Downscaling ERA5 Precipitation Greece Gradient Boosting Regression Trees

Reliable regional high-resolution data for precipitation and extreme precipitation have become increasingly more important since they are essential for assessing the accuracy and correcting the biases of Global and Regional Climate models which in turn help us make more accurate predictions about the future. These future predictions are essential for Climate Change Risk & Vulnerability assessments which are legally required according to the new EU Taxonomy Regulation and will be used to make important decisions by businesses and law makers. Precipitation modelling and downscaling techniques are used in order to achieve higher resolution datasets which are useful in predicting precipitation extremes and droughts. The frequency and intensity of precipitation is important to policymakers because it disrupts farming and causes natural hazards like floods and mudslides. Moreover, higher resolution data can also be used in hydrological and other engineering models to make predictions about the future frequency and intensity of climate-change related hazards.

In the Greek region precipitation and extreme precipitation are very difficult parameters to simulate due to their distribution, and in Greece’s case due to their rarity in certain months.  The Greek region despite the large number of islands is dominated by mountains in the Greek mainland. The large mountain ranges give precipitation in the country a distinct longitudinal shift. Additionally, the country experiences intense interseasonal variability which is in line with the Mediterranean climate. The Mediterranean basin experiences extreme precipitation events in the winter and a lot of droughts in the summer. In order to properly model the interseasonal variability as well as extreme precipitation events previous papers found that when resolution is increased the accuracy of the prediction also increases in the greater European region. In their study they also found that dry days and precipitation extremes are affected by the resolution of the models to a greater extent than standalone precipitation. This is extremely important for the Greek region because in Summer precipitation is extremely rare and the Greek region records a large number of consecutive dry days. In Winter on the other hand mainland Greece records a large number of extreme precipitation events, with most of them occurring in western Greece. Additionally in Greece precipitation exhibits very high spatial variability as documented by a wealth of research on this subject. This makes precipitation modelling in Greece quite hard, because of the high spatial resolution needed in order to adequately describe the precipitation variability in the area. Models with coarser resolutions fail to capture the variability of daily precipitation and additionally coarser models weren’t able to simulate precipitation intensity correctly. The different landscapes and microclimates that appear in the Greek region in combination with the high inter-seasonal variability create a challenging environment which is perfect for testing the efficacy and performance of climate models and downscaling methods.

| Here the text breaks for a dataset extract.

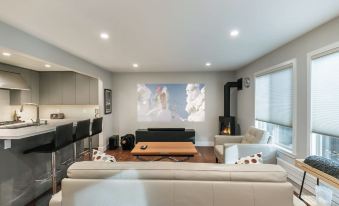 When you arrive at the home, there is a large lockable exterior closet, perfect for storing your skis and outdoor gear. You will step through the stylish entryway with a functional built-in bench and storage. Directly to the left of the front door is the beautiful kitchen, a space with all the upgrades a chef could dream of, including high-end appliances such as a Wolf gas cooktop, oven, and custom hood. Inside the fully-equipped kitchen, you will find everything you need to prepare a delicious meal for your group, as well as a comfortable kitchen bar with three bar stools providing a great spot to grab a bite to eat, or for additional seating in the main living space. On the other side of the kitchen you will find the bright living room, outfitted with a leather couch and a leather club chair; the high-end furnishings beckon you to sink in and relax. Large windows fill the room with ample natural light, and a modern gas fireplace brings a warm ambiance to the room, creating an inviting and relaxing atmosphere. Take your movie nights to the next level with the home theater, which boasts a Dolby Atmos surround sound and a 150" projected image! From the living room, you can also step out to the private back deck, a fenced area great for stepping out to take in the fresh mountain air.

 The aim of this study is to construct a high resolution (1km x 1km) database of precipitation, number of wet days and number of times precipitation exceeded 10mm and 20mm over Greece on a monthly and on an annual basis. In order to achieve this the ERA5 reanalysis dataset is downscaled using regression kriging with Histogram-Based Gradient Boosting Regression Trees. The independent variables used are spatial parameters derived from a high resolution digital elevation model and a selection of ERA5 reanalysis data. 

Our results confirmed biases that were also observed in previous papers whereby the ERA5 reanalysis overestimates the frequency of precipitation and underestimates its intensity. In our research we found that the number of wet days simulated by the ERA5 data was very inflated, while precipitation exceeding 10 and in particular 20 mm was understated. More specifically, in the Precipitation Totals the main improvements came from the increased resolution and an improvement on the spatial distribution of precipitation. In contrast, in the number of wet days and the number of times precipitation exceeded 10 mm there were large improvements in the metrics studied. In the number of wet days the RMSE halved on an annual basis with additional large reductions on a monthly basis. This was achieved by reducing the number of wet days simulated by the ERA5 dataset. On the number of days where precipitation exceeded 10mm there were improvements in both the metrics studied and the geographical distribution of the events. Finally, on the number of days where precipitation exceeded 20mm there were smaller improvements in the metrics because the occurrence of such events is very rare. However, it is safe to assume that P20 was underestimated in the ERA5 reanalysis and HGRP was able to improve its accuracy.

The largest improvements geographically were recorded in the region of Crete, where we found that the ERA5 reanalysis dataset underestimate every variable studied, with the exception of wet days. Next the mountainous regions of Peloponnese also recorded large improvement with the smallest improvements occurring in Western Greece. At this point however it is important to note that the gauge dataset used had a large number of stations in the mountainous regions of Crete, therefore in future research it would be helpful if more stations could be added in the mountainous regions of western Greece in particular, where there is also higher elevation and the bulk of precipitation occurs.

Overall the main driver of the variables studied continues to be the ERA5 variables however with our downscaling methodology we were able to achieve significant improvements in the metrics when compared to the standalone ERA5 dataset. The largest improvements were recorded in the wet days and the number of days where precipitation exceeded 10mm, while there were smaller to no improvements in the precipitation total. Finally, we can confidently conclude the algorithm tested seems to be a good fit for creating precipitation datasets.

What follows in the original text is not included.